Studies report Iraq and Afghanistan veterans have post-traumatic stress disorder (PTSD) rates at between 5% and 20%.2 Communities throughout the country are grappling with the aftermath of war and how to serve military personnel, veterans, and their families effectively with sensitivity to the experiences they have had and the issues they face. In recent years, criminal justice diversionary programs, including Veterans Treatment Courts, have been developed in large part for military personnel and veterans whose offenses can be connected to military-related mental health and substance abuse issues.

The Building an Effective Civilian Response to Combat-Related PTSD and IPV Project involves working with community stakeholders to identify an appropriate criminal justice response to IPV incidents involving military personnel and veterans. An effective response includes comprehensive screening and assessing for IPV and co-occurring conditions such as PTSD, traumatic brain injury, substance abuse, and depression and determining the most effective interventions. It also requires that all intervening service providers are cross-trained on the issues of IPV and co-occurring conditions and that communication and coordination between agencies is initiated and institutionalized.

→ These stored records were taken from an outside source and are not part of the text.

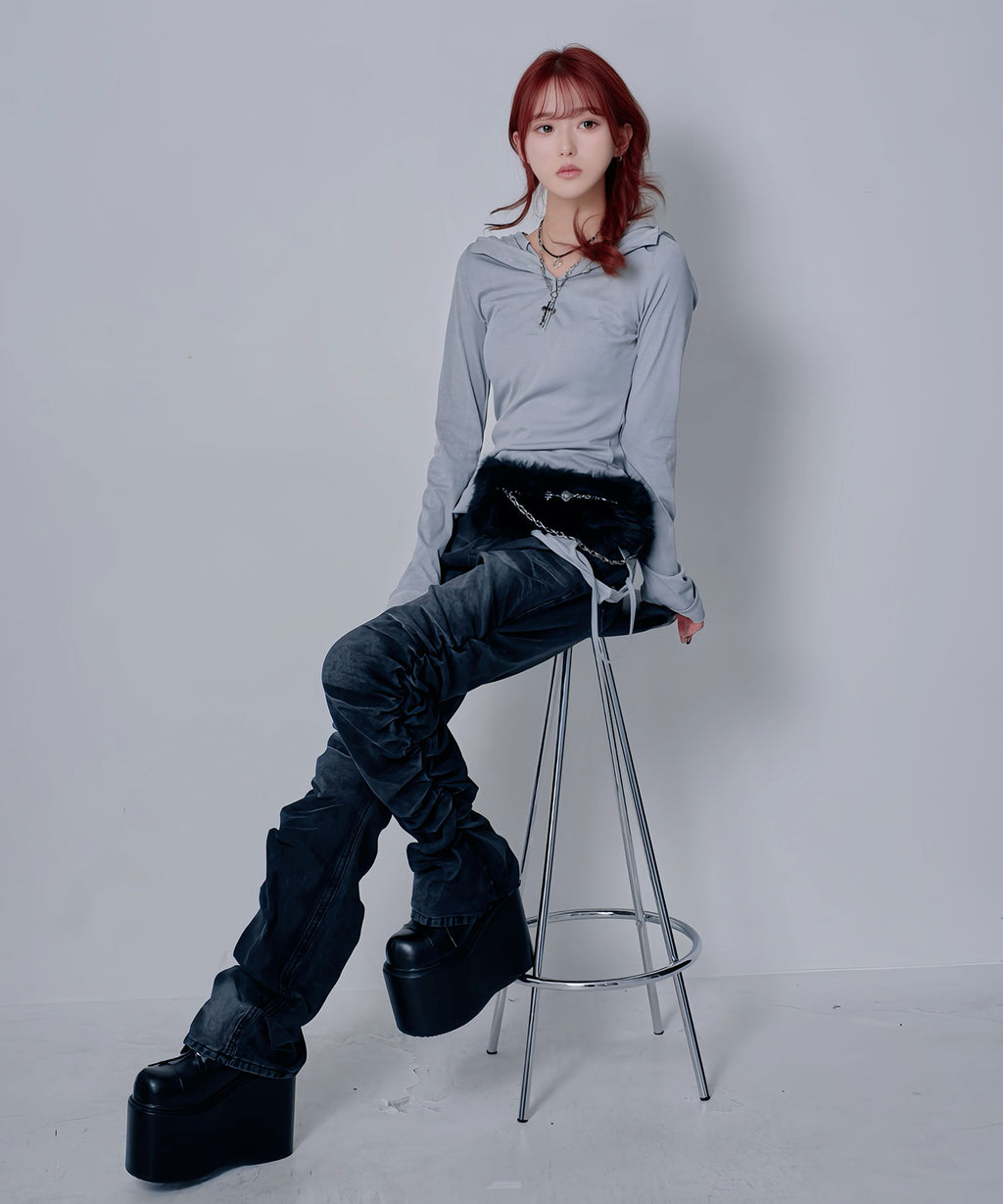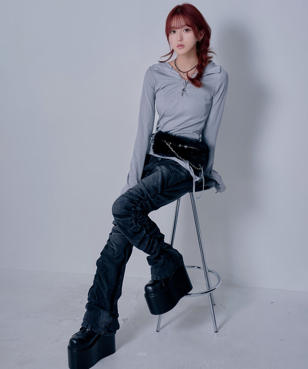 くしゅっと寄せたサイドディテールが、グランジやY2Kムードを高め、エッジの効いたスタイルを完成させます。
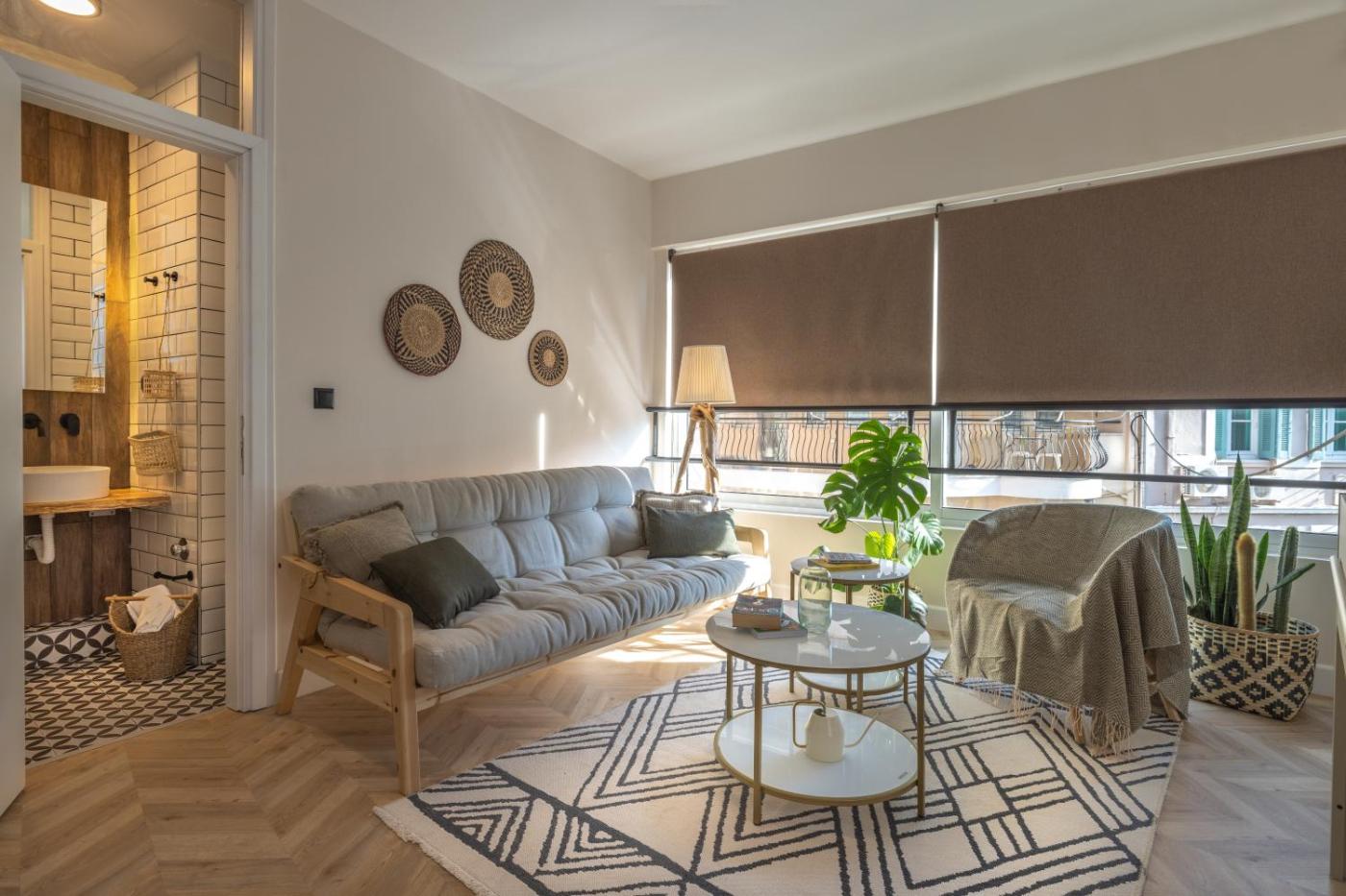 One-Bedroom Apartment. This air-conditioned apartment comprises 1 living room, 1 separate bedroom and 1 bathroom with a shower. Meals can be prepared in the kitchen, which comes with a stovetop, a refrigerator, kitchenware and an oven. The apartment provides a tea and coffee maker, a seating area, a sofa, a flat-screen TV with streaming services, as well as city views. The unit offers 2 beds.
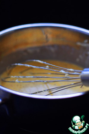Заварить желтковую массу горячими сливками, вливая тонкой струйкой через сито. -
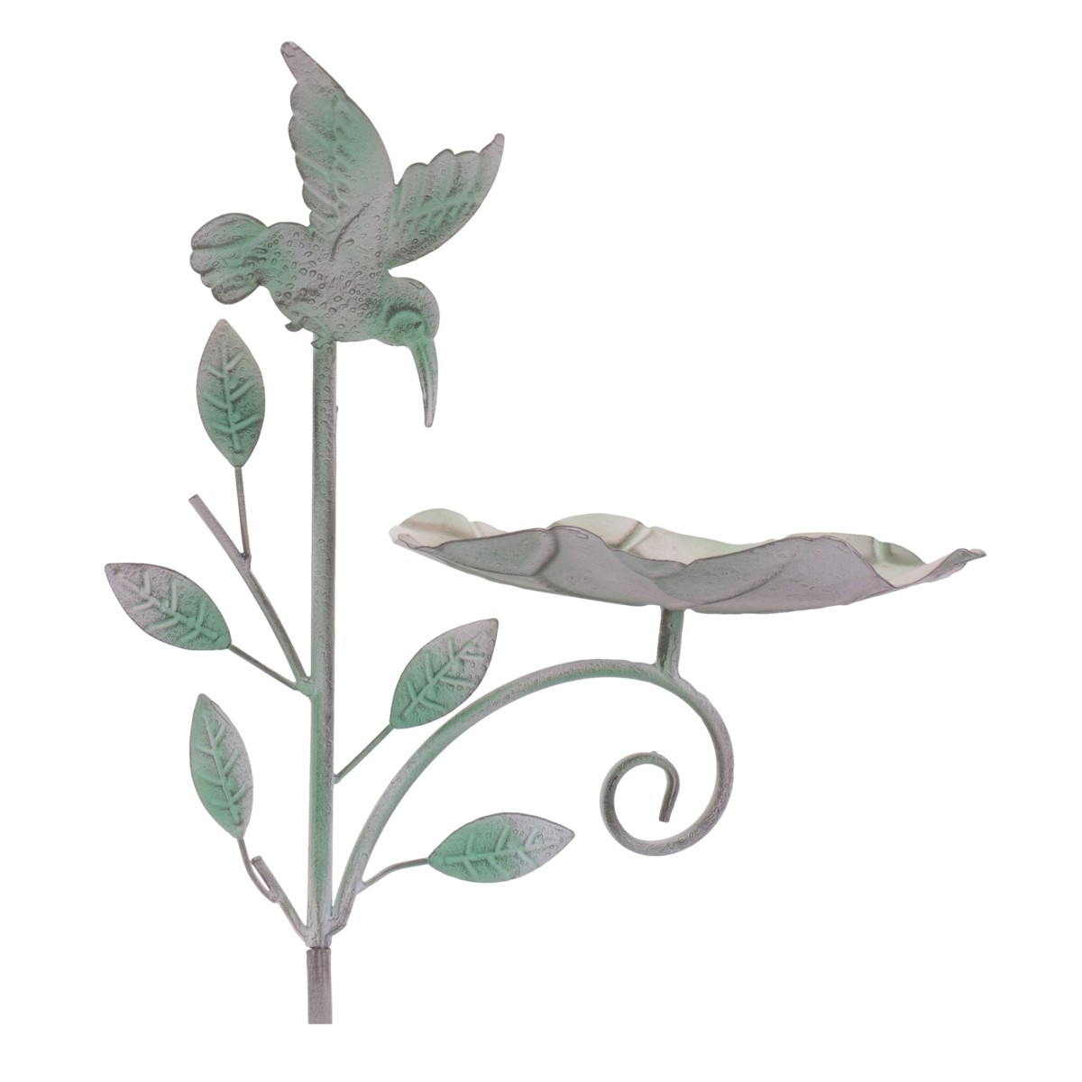 Bring a graceful, nature-inspired look to your outdoor space with this Set of Iron Hummingbird Leaf Bird Feeder Garden Stakes. Each 44-inch stake features a delicately shaped leaf bowl in soft green and grey tones, topped with a charming hummingbird accent. With a weathered finish and artistic detail, this set of two feeders are perfect for inviting birds to your garden while adding a serene, decorative touch.

Project staff will provide technical assistance upon request to veteran’s court staff and judges, military and community-based advocates, community-based and VA mental health and substance abuse providers, batterer intervention program staff, etc. on co-occurring IPV and combat-related conditions, such as PTSD, and effective responses.

1. Veterans Health Administration, “Analysis of VA Health Care Utilization among Operation Enduring Freedom (OEF), Operation Iraqi Freedom (OIF), and Operation New Dawn (OND) Veterans,” Jan 2015.

2. Ramchand R, et al., “Disparate prevalence estimates of PTSD among service members who served in Iraq and Afghanistan: possible explanations,” J Trauma Stress, 2010;23(1).